Shakespeare, snakeskins, fly traps and femurs all feature in this year’s TES Book, Resources and Equipment awards, announced yesterday by Trevor McDonald, the broadcaster and chairman of the Better English Campaign.

The World of Shakespeare, by Anna Claybourne and Rebecca Treays (Usborne, Pounds 9.99), which won the senior books prize, “succeeds in making an impact and exciting interest through well-crafted text and good design rather than a whizz-bang attempt to popularise”, said the judges at the Education Show.

The Human Body, by Steve Parker(CarltonWatts, Pounds 12.99), one of three runners-up, impressed the judges with its “computer-generated model of the abdominal aorta and the stirrup ossicle”.

The junior award went to What’s Under the Bed? by Mick Manning and Brita Granstrom (Wonderwise, Watts), which pipped Fly Traps by Martin Jenkins and David Parkins (Read and Wonder, Walker Books) to the post.

The winner is a “clever yet simple” book in which a lot of disciplines come together including geology, history and technology. The judges said its structure owed much to the familiar, musically repetitive nursery genre typified by The House that Jack Built and There was an Old Lady who Swallowed a Fly.

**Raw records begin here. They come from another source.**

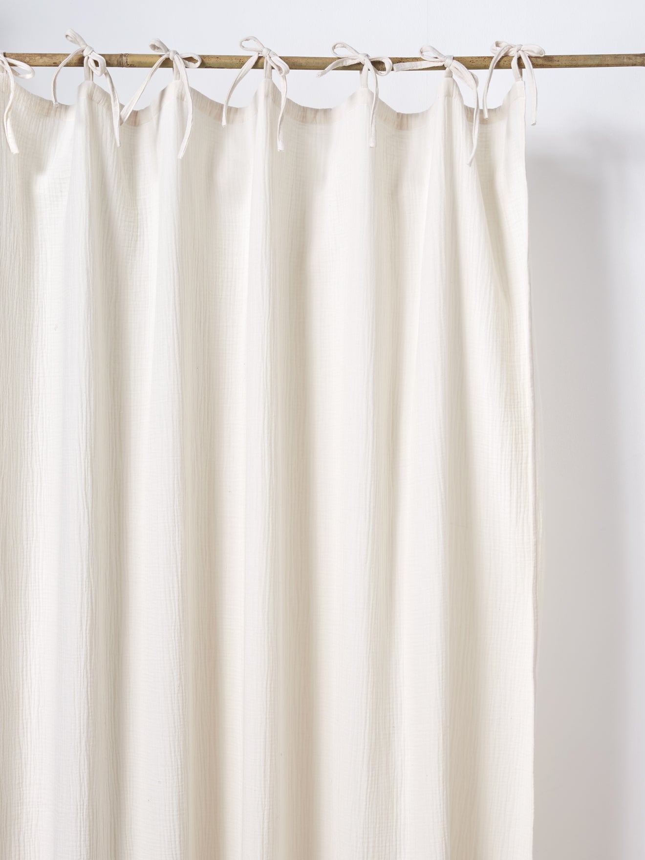 Curtain made with cotton gauze and held with small ties. A crinkled curtain with deliccate refinement.
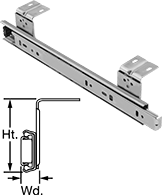 Closed Lg. | Travel Lg. | For Max. Drawer Wd. | Wd. | Ht. | Capacity per Pair, lbs. | Roller Type | Fasteners Included | Screw Size | Pair | |
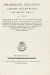 .1796.. LIBRO: .(MEDICINA-FARMACIA).. .CARBONELL, FRANCISCO:. .PHARMACIAE ELEMENTA CHEMIAE RECENTIORIS FUNDAMENTIS INNIXA. Barcelona: Joannis Francisci Piferrer, 1796. 4º menor. XII + 125 p. + 1 h. Buena factura, texto con apostillas marginales....
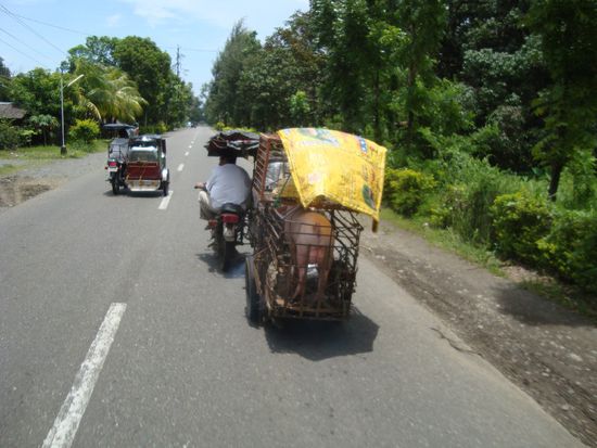 Die Strampelei ging weiter nördlich durch Botolan und Santa Cruz nach Dagupan. Nach 200 km war der Akku leergefegt, desweiteren begann die Regenwolke über mir , sich scheusslich zu entleeren- wohl Zeichen genug, aufzuhören. Blacky wurde kleingemacht und durfte die restliche Strecke busfahren.

Bugs, mice, floorboards, wires and pipes lead to an illustrated exploration of a journey to the centre of the Earth.

Klondyke Kate and other non-fiction texts, edited by Barbara Bleiman, Sabrina Broadbent and Michael Simons (English and Media Centre) won the senior English schoolbook award, as the judges said it would introduce key stage 3 students to advanced and textual questions by way of accessible entertainment.

But many of the primary entries left them “heavily underwhelmed by both the quality and quantity”. They chose My Home, based on pictures by Cliff Wright, as “proof that a book can be useful and functional, but none the less a work of art - a lovely miniature of verbal and pictorial imagination to stand with the best of picture books”.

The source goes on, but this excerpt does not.